For most applications using Hibernate 5, the migration is relatively quick and easy. But you will have to fix and update a few things if you’re still using an older Hibernate version or some of the features deprecated in Hibernate 5.

In this article, I will show you the most important steps to prepare your application for migration and what you need to do when migrating your application.

If you want to get into more details, see an example migration, and learn what you should do after the migration, you should join the Persistence Hub. I showed all of that in great detail in a recent Expert Session, and Steve Ebersole (Hibernate 6 Lead Developer) did a deep dive into Hibernate 6 in a previous Expert Session. As a member, you can find the recording of both sessions in the archives.

Prepare your persistence layer for Hibernate 6

Not all of the changes introduced in Hibernate 6 are backward compatible.
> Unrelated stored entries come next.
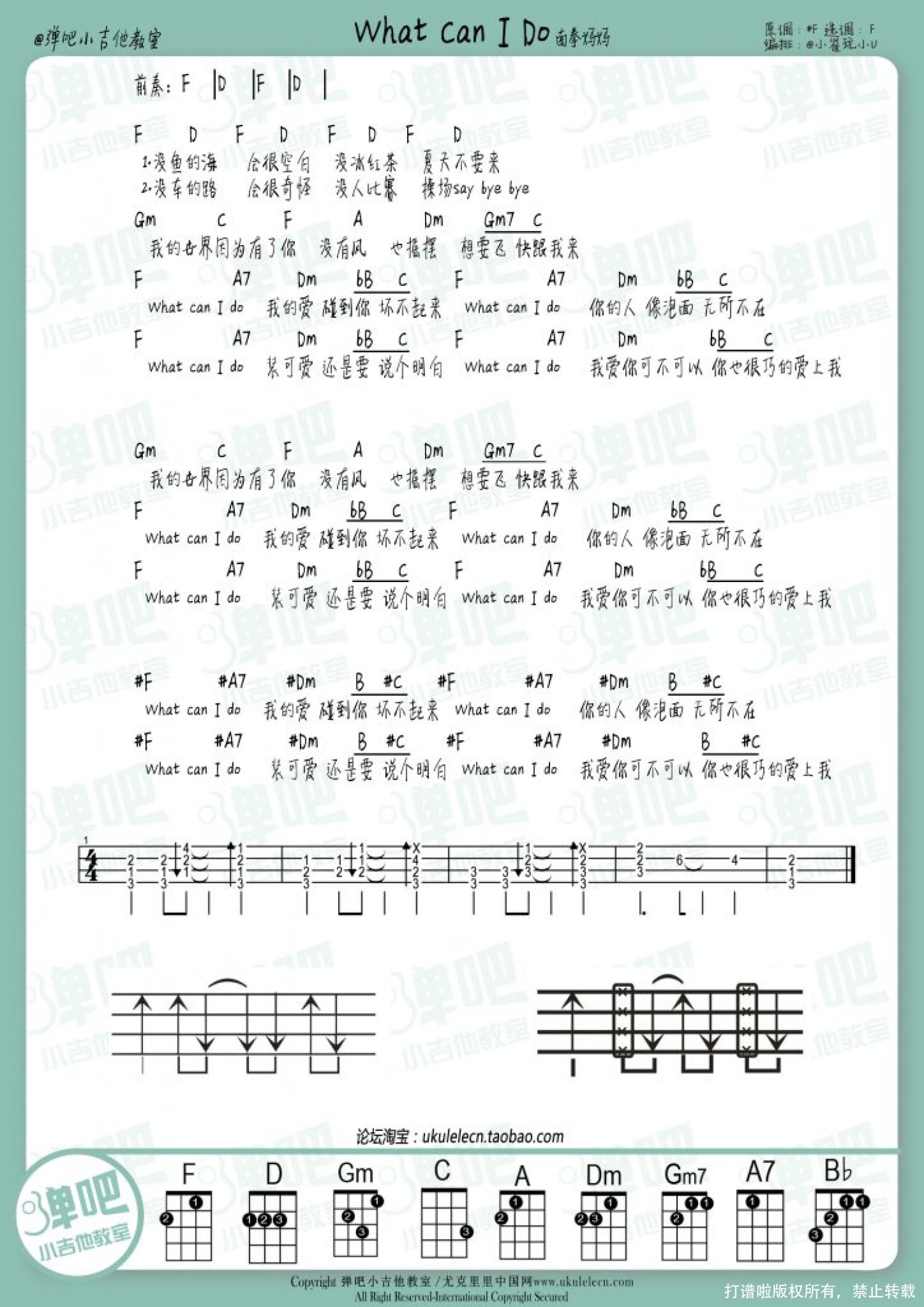曲谱介绍: 南拳妈妈《What Can I Do》_F调尤克里里谱
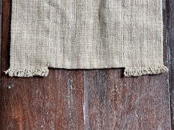 使い込むほどに味わい深くなる手織りのヘンプ布で作られ、短めに揃えられた裾のフリンジがかわいいポイントです。
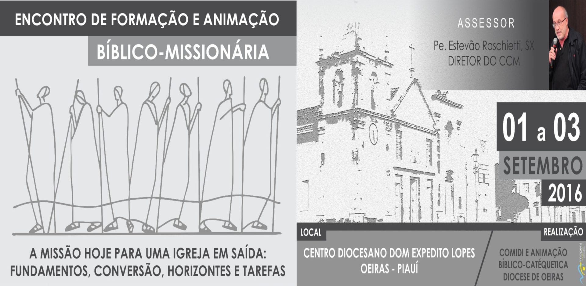 A Diocese de Oeiras em parceria com o COMIRE (Comissão Missionária do Regional) promovem o Encontro de formação e animação bíblico-missionária, com o tema “A missão hoje para uma Igreja em saída: fundamentos, conversão, horizontes e tarefas”. O encontro será assessorado pelo Pe. Estevão Raschietti, sx, diretor do CCM e acontecerá entres os dias 01 […]

Luckily, you can handle most of them before you perform the migration. That enables you to implement the required changes step by step while still using Hibernate 5. So you will avoid breaking your application, and you can prepare the migration over multiple releases or sprints.

Update to JPA 3

One example of such a change is the migration to JPA 3. That version of the JPA specification didn’t bring any new features. But for legal reasons, all package and configuration parameter names got renamed from javax.persistence.* to jakarta.persistence.*.

Besides other things, this change affects the import statements for all mapping annotations and the EntityManager and breaks all persistence layers. The easiest way to fix it is to use the search and replace feature in your IDE. Replacing all occurrences of javax.persistence with jakarta.persistence should fix the compiler errors and update your configuration.

Hibernate 6 uses JPA 3 by default, and you could run the search and replace command as part of your migration. But I recommend changing your project’s dependency from hibernate-core to hibernate-core-jakarta and performing this change while you’re still using Hibernate 5.

<dependency>
	<groupId>org.hibernate</groupId>
	<artifactId>hibernate-core-jakarta</artifactId>
	<version>5.6.12.Final</version>
</dependency>

Replace Hibernate’s Criteria API

Another important step to prepare your persistence layer for Hibernate 6 is to replace Hibernate’s Criteria API. That API has been deprecated since the first release of Hibernate 5, and you might have already replaced it. But I know that that’s not the case for many applications.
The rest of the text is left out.